Maati Monjib et six autres militants ont fait l’objet d’une enquête en 2015 pour « atteinte à la sûreté intérieure de l’État » par « propagande » de nature à ébranler « la fidélité que les citoyens doivent à l’État et aux institutions du peuple marocain » au titre de l’article 206 du Code pénal. Dans cette affaire, les questions de la police ont essentiellement porté sur la perception de fonds étrangers provenant de l’ONG Free Press Unlimited et destinés à financer des sessions de formation à StoryMaker, une application sécurisée développée par Free Press Unlimited (FPU), le Guardian Project et Small World News, qui permet aux journalistes citoyens de publier du contenu de manière anonyme s’ils le désirent.

Selon Maati Monjib, les audiences du procès ne duraient généralement que quatre ou cinq minutes avant que le juge ne lève la séance et n’annonce une prochaine date d’audience. Le procès a ainsi été reporté à 21 reprises depuis 2015. Dans une lettre adressée à Amnesty International, le gouvernement a indiqué que l’enquête de 2020 était liée aux rapports annuels de 2015 et 2016 de Free Press Unlimited, ce qui laisse à penser que cette nouvelle enquête est liée à l’ancienne affaire de 2015 sur la perception de fonds étrangers émanant de cette ONG et visant à financer des ateliers de formation destinés aux journalistes citoyens. Les poursuites portent sur des activités légitimes protégées par le droit d’association.

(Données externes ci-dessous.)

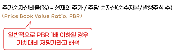 다음으론 주가순자산비율(Price Book Value Ratio, PBR)입니다.
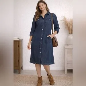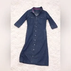 Talbots Button Down Denim Midi Shirt Dress Classic Casual
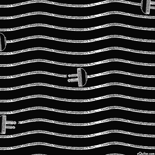 Electrical cords are layered into a wavy stripe across this electric tonal. Larger plugs are about 1", from the 'Press On' collection by J. Wecker Frisch for Riley Blake Designs.
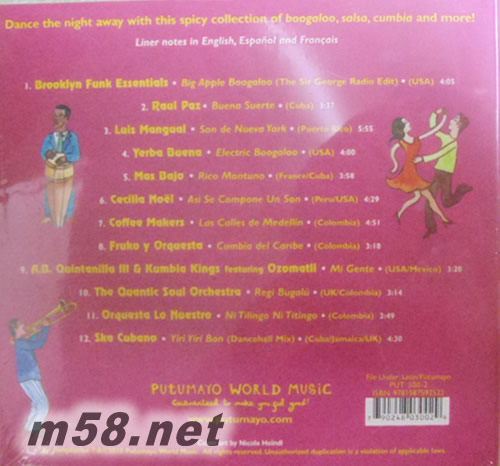 拉丁派對 Latin Party(m58.net) 拉丁美洲最夯、最時(shí)尚、最熱情的跳舞歌大全 紐約夜店的Boogaloo、哥倫比亞的Cumbia,到加勒比海的古巴的Son、牙買加的Reggae/SKA、波多黎各的Salsa 拉丁音樂堪稱世界最熱情有活力的音樂之一,拉丁音樂的曲式都直接與舞蹈及舞步相關(guān),不論是為了歡樂派對所需,或是真的要用來跳舞,亦或是只是單純的用來打造享受休閒渡假的氣氛,拉丁音樂絕對是大家共同的首選。拉丁音樂之所以如此受歡迎,全賴各種熱力十足又富含變化的曲式,源自美國紐約夜店的Boogaloo、哥倫比亞的Cumbia,到加勒比海的古巴的Son、牙買加的Reggae/SKA、多明尼加的Bachata及Merengue、波多黎各的Salsa,甚至到南美巴西的Samba及Bossa Nova,整個(gè)一路串連下來,並向世界幅射延燒,全球完全陷入拉丁音樂的歡樂氣氛之中。 世界音樂大廠Putumayo推廣拉丁美洲音樂一直不遺於力,先后推出了多張的主題選輯,包括蒐羅時(shí)尚電子拉丁新藝人曲式的Nuevo Lation、齊聚諸多當(dāng)今拉丁人氣好手的Radio Latino、拉丁舞會專用的¡Baila!、展現(xiàn)拉丁美洲女聲魅力的Women of Latin America,全都是叫好叫座的暢銷作,此輯Latin Party又是在全球期盼下推出的Party系列新作,收錄了上列讓人瘋狂的拉丁曲式,包括由紐約兩大拉丁樂隊(duì)Brooklyn Funk Essentials及Yerba Buena共獻(xiàn)的兩首當(dāng)前時(shí)尚紐約夜店最夯的Boogaloo舞曲;兩組先后旅居法國的古巴組合Raul Paz及Mas Bajo帶來兩首不同風(fēng)味的Son/Cha Cha Cha歌曲;由兩個(gè)波多黎各組合Luis Mangual及Cecilia Noël演出的標(biāo)準(zhǔn)Salsa曲風(fēng),也讓人熱到無法喘息;另哥倫比亞團(tuán)體Coffee Makers大膽採用了牙買加的SKA;另一支哥倫比亞團(tuán)體Fruko y Orquesta則展現(xiàn)出最有當(dāng)?shù)靥厣腃umbia樂風(fēng),這些拼湊起來,就是一幅熱情難擋的拉丁派對。
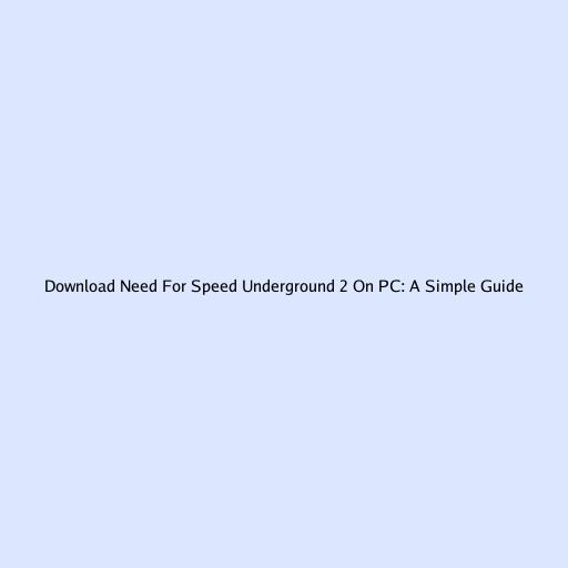 Download Need for Speed Underground 2 on PC: A Simple Guide

En vertu du droit international relatif aux droits humains, le droit à la liberté d’association comprend la possibilité pour les ONG de collecter des fonds et de solliciter, recevoir et utiliser des ressources provenant de sources nationales, étrangères et internationales. Les restrictions concernant les financements étrangers qui entravent la capacité des associations à mener les activités prévues par leurs statuts vont indûment à l’encontre de l’article 22 du Pacte international relatif aux droits civils et politiques (PIDCP), auquel le Maroc est partie .

Maati Monjib est un universitaire et défenseur des droits humains de renom. Il commente régulièrement la politique marocaine dans des médias internationaux, des groupes de réflexion et des forums universitaires, où il a souvent fait part de ses opinions et de ses analyses quant aux violations des droits humains imputables aux autorités marocaines.